● **THE DATA**
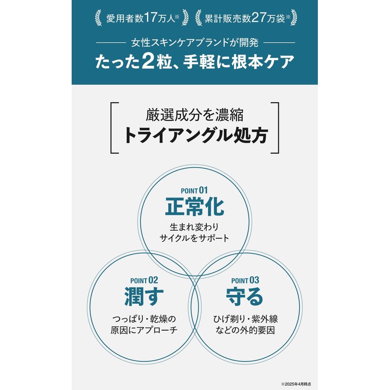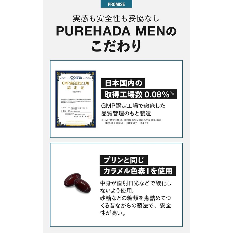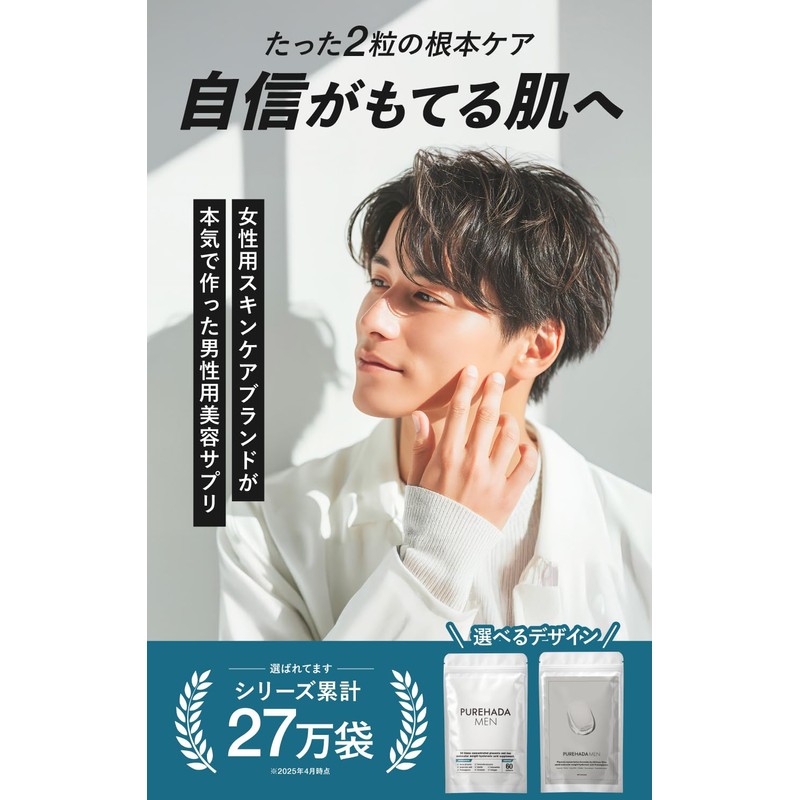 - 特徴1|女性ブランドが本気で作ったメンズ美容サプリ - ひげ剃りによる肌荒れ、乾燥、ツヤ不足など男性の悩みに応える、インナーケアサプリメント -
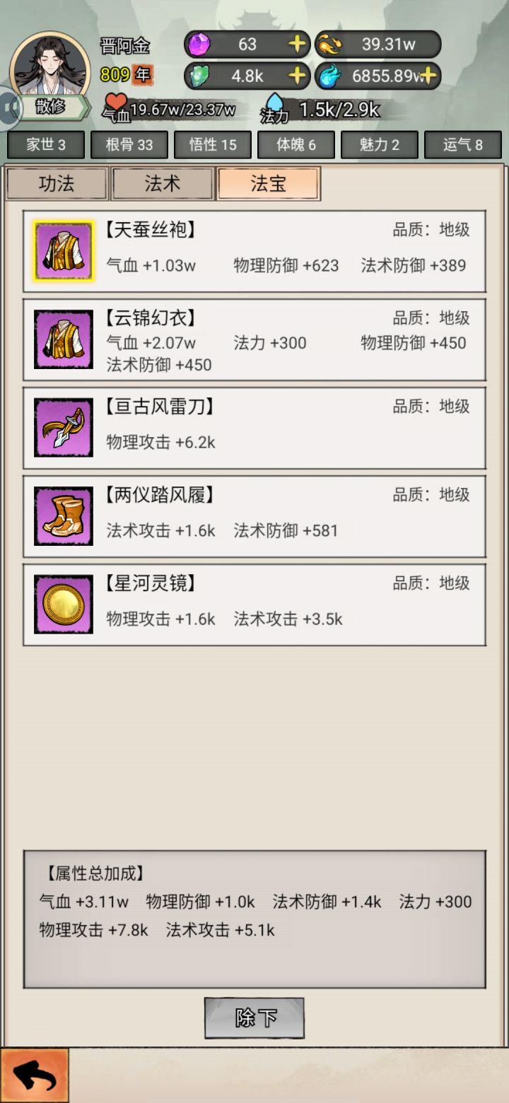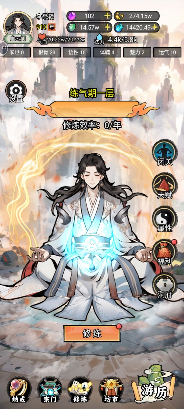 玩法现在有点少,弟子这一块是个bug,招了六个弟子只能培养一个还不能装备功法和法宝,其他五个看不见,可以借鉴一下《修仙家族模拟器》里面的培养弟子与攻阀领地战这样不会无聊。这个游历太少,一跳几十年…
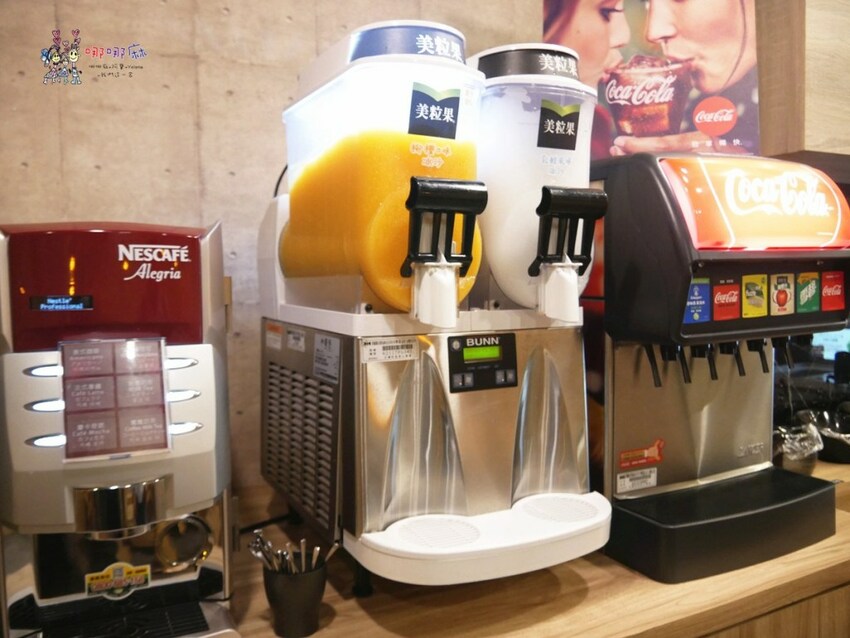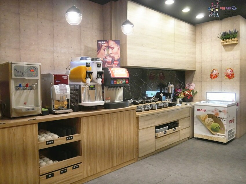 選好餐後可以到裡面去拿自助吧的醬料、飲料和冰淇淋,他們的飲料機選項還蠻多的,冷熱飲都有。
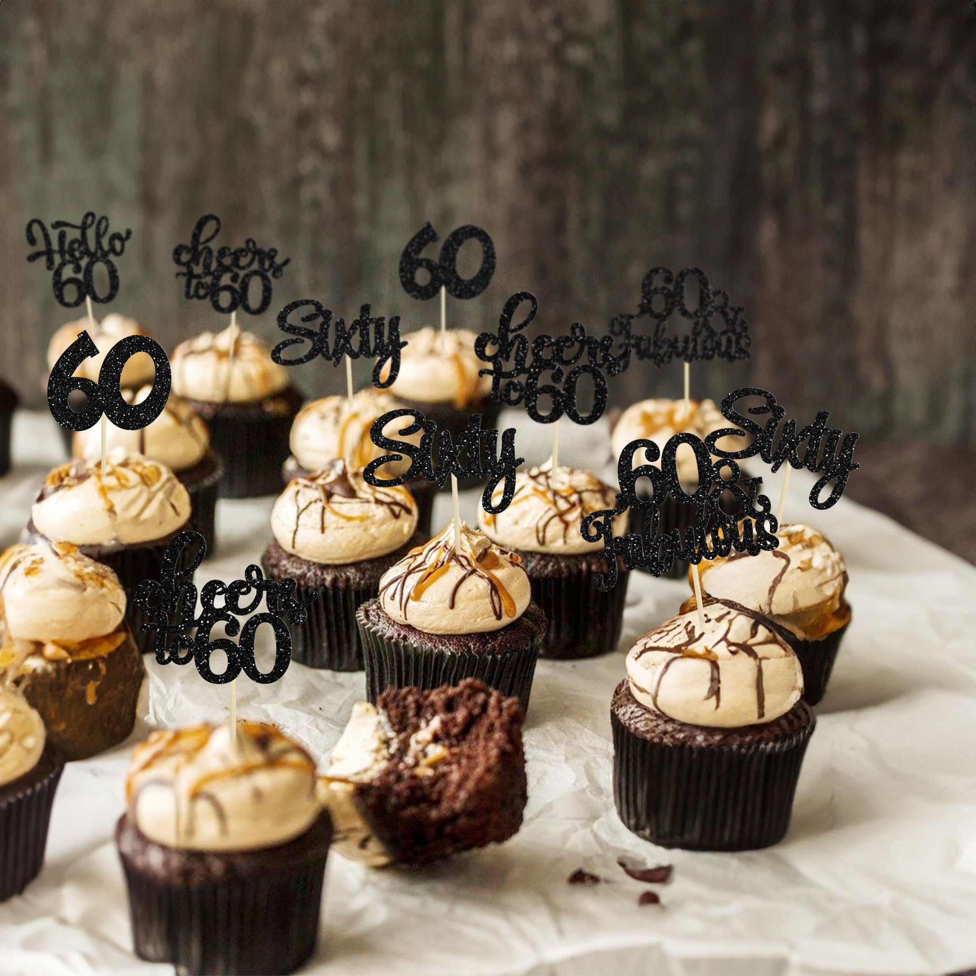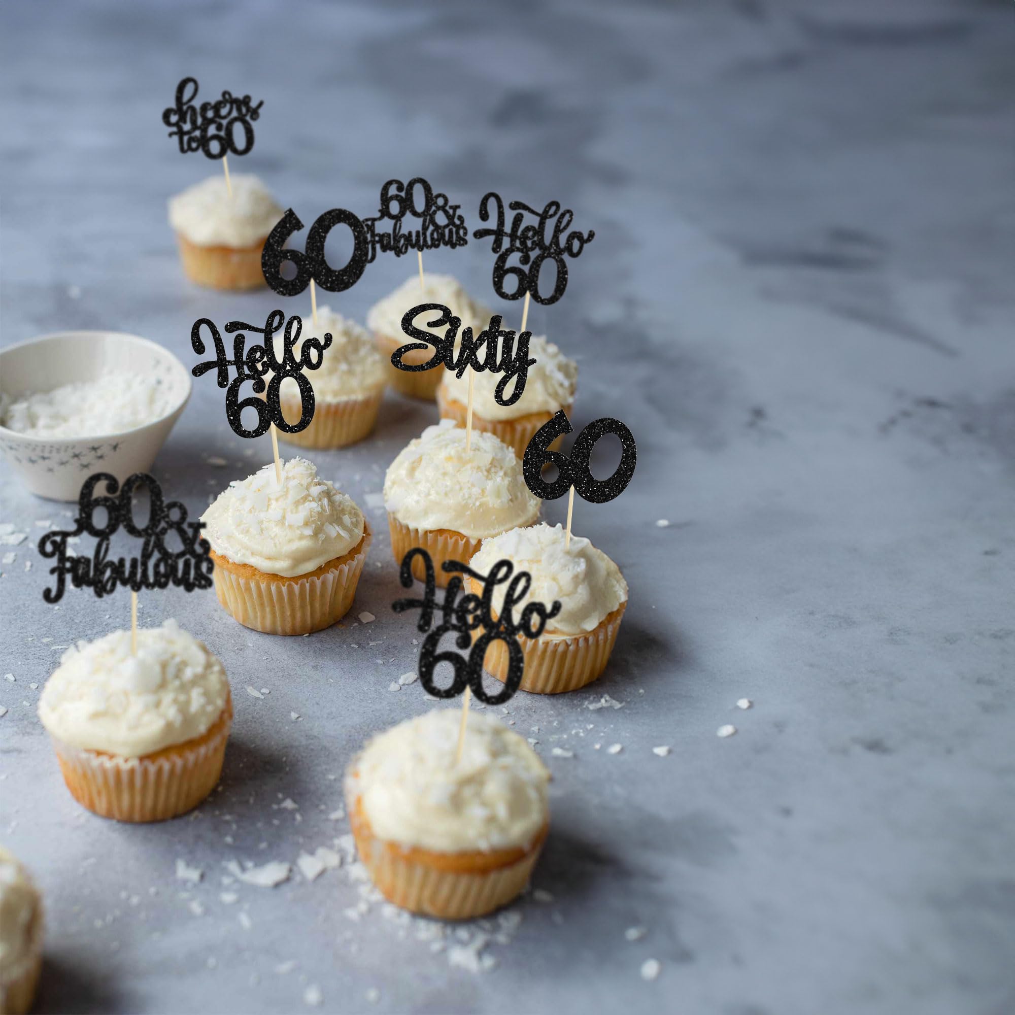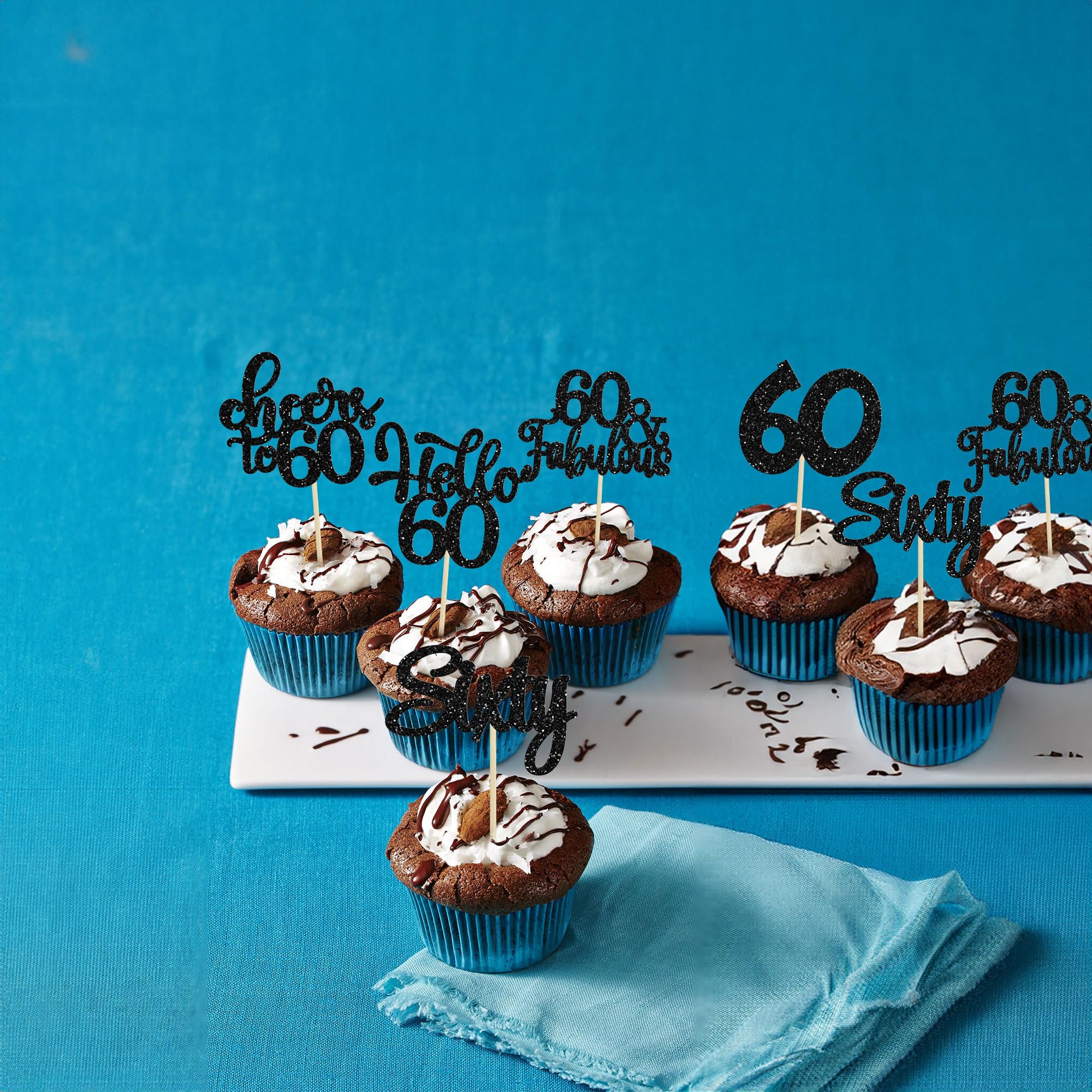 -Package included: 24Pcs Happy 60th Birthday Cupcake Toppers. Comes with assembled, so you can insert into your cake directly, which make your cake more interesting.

● **PROBLEM DETAILS**
Please write out, exactly, every line from the line with "選好餐後可以到裡面去拿自助吧" through the final line of the data above, leaving out pictures.

● **YOUR RESPONSE**
 選好餐後可以到裡面去拿自助吧的醬料、飲料和冰淇淋,他們的飲料機選項還蠻多的,冷熱飲都有。
 -Package included: 24Pcs Happy 60th Birthday Cupcake Toppers. Comes with assembled, so you can insert into your cake directly, which make your cake more interesting.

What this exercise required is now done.